Melatonin (Mel) downregulates TRMP7 in the hippocampi of CHP-induced rats which are positively correlated with the intracellular levels of Zn⁺² and Ca + 2 levels. All data are presented as means ± SD (n = 10 rats/group). ^***: p < 0.0001 vs. to sham-operated rats (lane 1). ^###: p < 0.0001, respectively vs. Mel-treated rats (lane 2). ^$$$: p < 0.0001 vs. CHP-induced rats (lane 3). Lane 4: CHP + Mel.

Fig. 6

Histological micrographs obtained from rat dental gyrus (DG) hippocampus (CA1 region) stained by H&E. 200X. A&B: represents control and Mel-treated rats, demonstrating a normal number of cell layers in the glandular layer of the DG with intact cells containing normally rounded nuclei (Long arrow).

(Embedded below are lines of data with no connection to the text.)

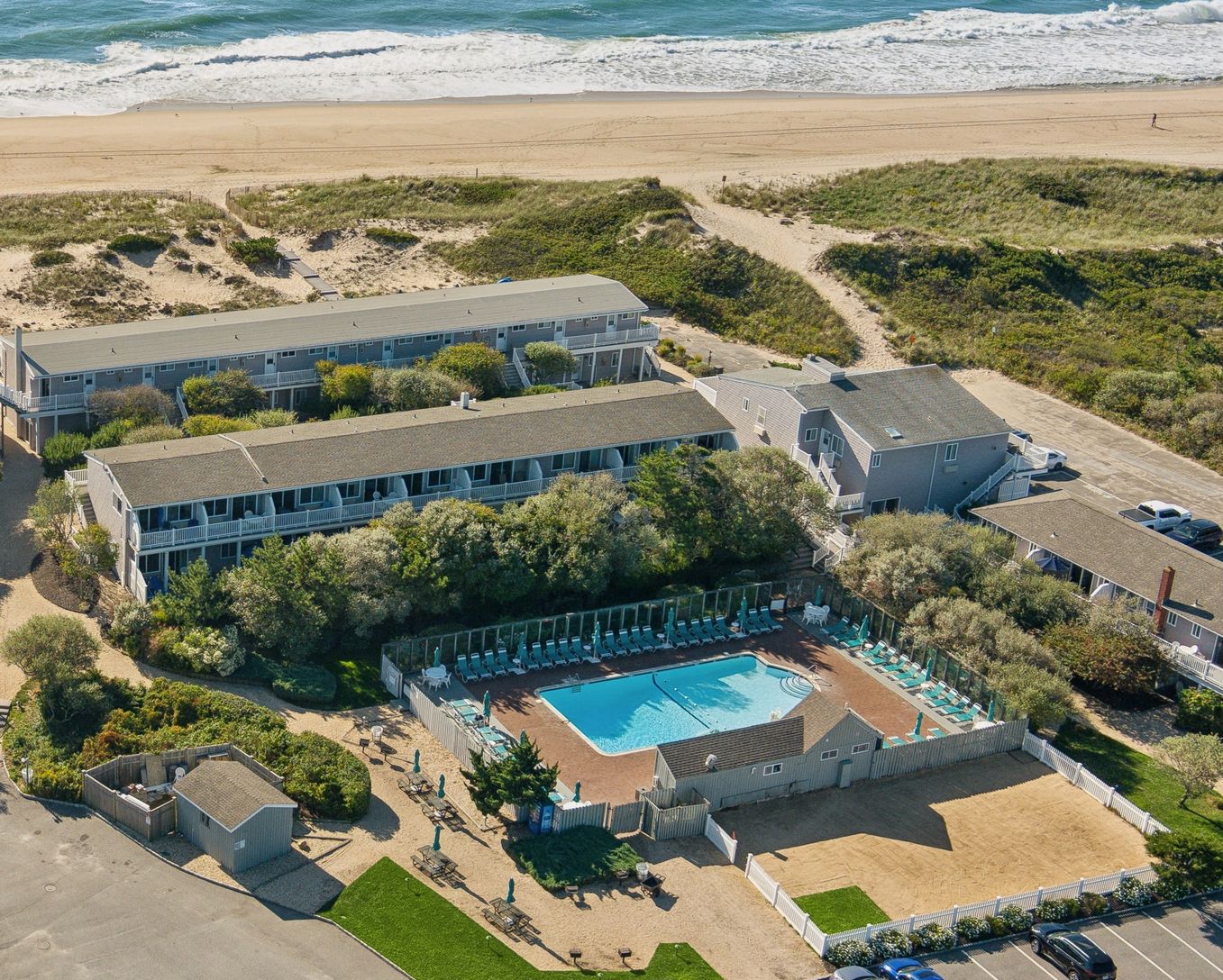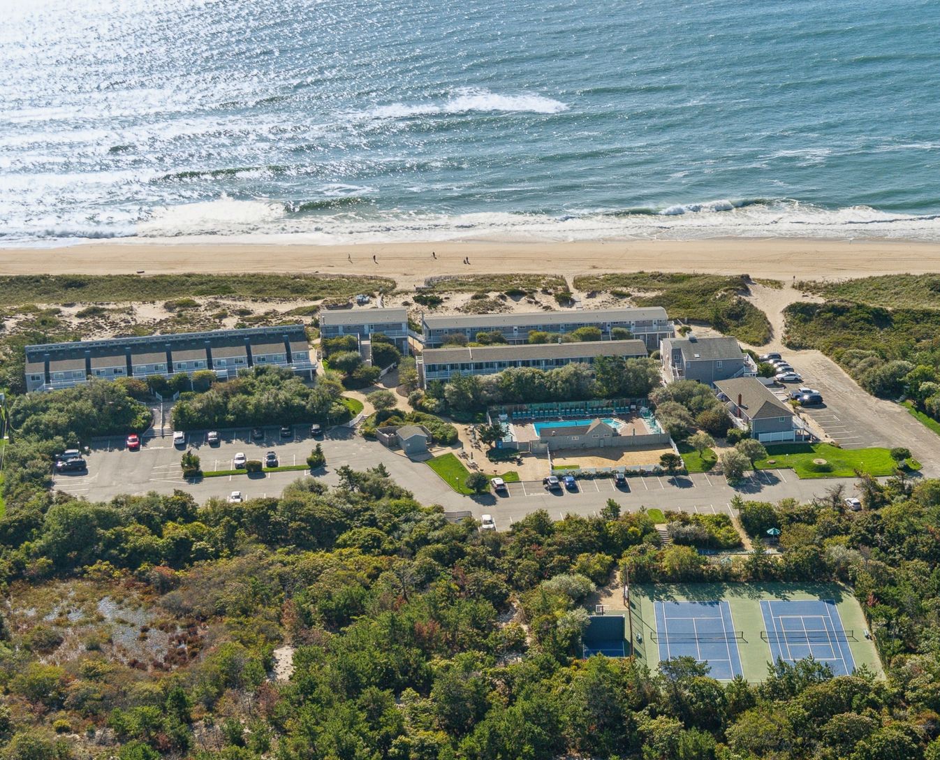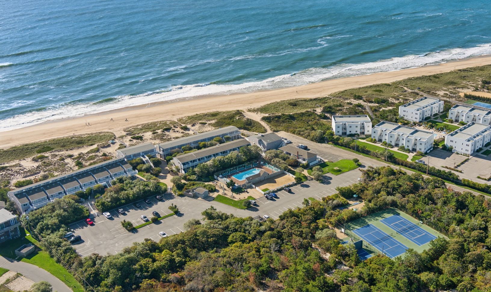 Unit # 68 A rare opportunity to purchase a second story, year round, 1 bedroom, 1 bath air-conditioned co-op unit with private balcony that enjoys a view of the ocean waves as they break along a pristine sandy beach of the Amagansett Dunes. When not pampered with chaise lounges, towels & umbrella cabana service either surf-side or heated pool-side; take in a work-out on one of the lighted two community tennis courts, shoot some hoops on th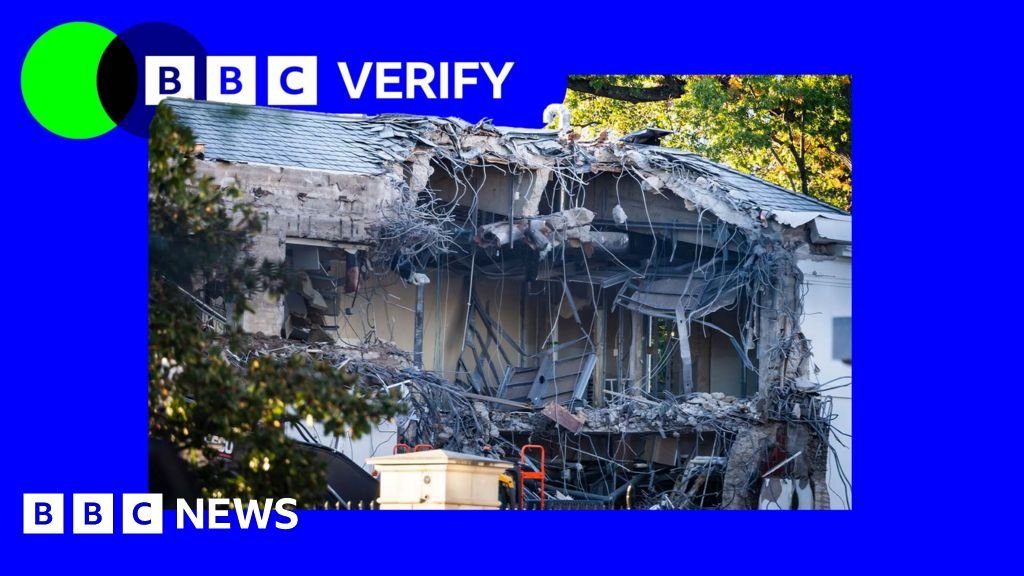 Workers demolish the facade of the East Wing of the White House on Oct. 20, 2025 in Washington, DC. Kevin…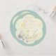 Eine einzigartige Babypartyeinladung, die einen kleinen Vogel des Aquarells auf einer Niederlassung kennzeichnet. Die GesamtBlumenform wird auf einen blaugrünen Hintergrund überlagert.

C: represents CHP-induced rats and showed an obvious reduction in the number of cells (layers) forming the glandular layer of the DG hippocampal area (short arrow) with many pyknotic apoptotic nuclei (long arrow). D: represents CHP + Mel-treated rats and shows normal DG structure similar to the control rats (long arrow).

Fig. 7

Transmission electron micrographs (TEM) of the neuron in the hippocampus of rats. (X5000). A & B: represent control and Mel-treated rats, respectively, and show normal hippocampus neurons containing normally rounded nuclei (N), intact mitochondria (m) with double membranes, normal rough endoplasmic reticulum (RER), and. Also, note the presence of intact synapses (S). C: represents CHP-induced rats and showed apoptotic hippocampus neurons with clear damage in the mitochondria (m), apoptotic nuclei (N), and pleomorphic disturbed RER, (X5000). D: represents CHP + Mel-treated rats and showing intact with partially changed hippocampus neuron with normally appeared organelle and clear synapse.